Les chercheurs doivent encore surmonter plusieurs obstacles pour développer la technologie en un traitement pratique. Ils devront trouver comment transmettre en toute sécurité à la fois l'ADN et la lumière aux cellules nerveuses appropriées. LucCell développe une version des interrupteurs d'éclairage qui utilisent des virus déjà courants dans les thérapies géniques humaines. Les chercheurs collaborent avec Boyden pour modifier une source lumineuse implantable constituée d'un laser ou d'une LED miniature attaché à une fibre optique.

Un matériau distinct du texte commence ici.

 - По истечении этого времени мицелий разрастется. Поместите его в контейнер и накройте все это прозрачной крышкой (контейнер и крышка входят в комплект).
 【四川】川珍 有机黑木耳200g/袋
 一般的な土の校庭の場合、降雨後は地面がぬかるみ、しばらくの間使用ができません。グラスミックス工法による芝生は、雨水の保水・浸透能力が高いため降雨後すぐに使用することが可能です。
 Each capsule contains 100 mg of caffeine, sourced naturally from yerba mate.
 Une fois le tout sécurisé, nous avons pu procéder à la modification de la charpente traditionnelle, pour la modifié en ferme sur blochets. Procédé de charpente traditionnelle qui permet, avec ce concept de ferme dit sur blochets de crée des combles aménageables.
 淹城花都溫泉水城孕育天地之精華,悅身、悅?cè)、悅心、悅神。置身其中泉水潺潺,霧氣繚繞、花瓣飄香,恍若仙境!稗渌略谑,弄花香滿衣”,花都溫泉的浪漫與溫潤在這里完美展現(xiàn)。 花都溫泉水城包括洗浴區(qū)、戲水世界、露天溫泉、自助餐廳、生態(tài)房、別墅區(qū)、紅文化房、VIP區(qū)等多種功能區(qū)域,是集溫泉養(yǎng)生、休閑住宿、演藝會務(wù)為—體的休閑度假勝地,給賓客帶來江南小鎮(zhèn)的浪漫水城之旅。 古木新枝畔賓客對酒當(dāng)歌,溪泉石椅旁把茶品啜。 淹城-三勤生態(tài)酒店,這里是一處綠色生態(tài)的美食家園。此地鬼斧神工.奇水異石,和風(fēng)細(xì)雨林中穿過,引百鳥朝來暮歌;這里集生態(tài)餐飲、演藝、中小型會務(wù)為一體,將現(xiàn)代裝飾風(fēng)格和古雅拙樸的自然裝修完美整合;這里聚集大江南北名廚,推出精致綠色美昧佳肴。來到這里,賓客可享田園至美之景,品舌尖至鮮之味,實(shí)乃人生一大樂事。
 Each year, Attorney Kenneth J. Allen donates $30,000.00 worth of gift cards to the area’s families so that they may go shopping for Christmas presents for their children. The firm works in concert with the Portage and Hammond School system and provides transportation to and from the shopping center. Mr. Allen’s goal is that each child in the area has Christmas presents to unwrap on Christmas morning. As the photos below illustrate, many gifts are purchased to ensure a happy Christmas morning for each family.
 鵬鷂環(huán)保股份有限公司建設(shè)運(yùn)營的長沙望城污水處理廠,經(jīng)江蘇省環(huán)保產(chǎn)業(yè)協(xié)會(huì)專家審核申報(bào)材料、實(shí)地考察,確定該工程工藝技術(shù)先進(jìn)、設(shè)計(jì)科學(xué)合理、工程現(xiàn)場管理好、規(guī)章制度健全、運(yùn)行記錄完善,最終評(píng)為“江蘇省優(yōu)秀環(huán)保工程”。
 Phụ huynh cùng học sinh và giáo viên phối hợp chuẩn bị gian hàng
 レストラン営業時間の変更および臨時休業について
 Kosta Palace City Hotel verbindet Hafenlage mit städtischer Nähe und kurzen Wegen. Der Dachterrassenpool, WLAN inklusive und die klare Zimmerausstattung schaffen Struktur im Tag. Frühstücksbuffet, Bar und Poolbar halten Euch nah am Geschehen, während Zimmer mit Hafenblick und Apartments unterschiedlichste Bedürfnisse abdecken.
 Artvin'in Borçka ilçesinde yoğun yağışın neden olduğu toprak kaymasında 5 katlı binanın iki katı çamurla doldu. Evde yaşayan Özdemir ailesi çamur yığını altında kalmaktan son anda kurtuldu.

Le plus grand défi sera la sécurité, déclare Karl Deisseroth, un neuroscientifique à Stanford qui n'a pas participé à la recherche. Vous devez vous soucier de choses comme la possibilité de réactions immunitaires rares mais graves aux protéines et aux dispositifs. Étant donné que la protéine est dérivée d'algues, certains craignent qu'elle ne déclenche une réponse immunitaire ou s'avère toxique pour la cellule à long terme. Plus tôt cette année, Boyden et ses collaborateurs ont publié le premier article testant la technologie channelrhodopsin chez les primates, exprimant la protéine dans le cortex frontal des singes macaques. Les animaux n'ont montré aucun signe inhabituel de dommages neuf mois plus tard. Mais étant donné la nouveauté de la technologie, des tests de sécurité approfondis seront probablement nécessaires.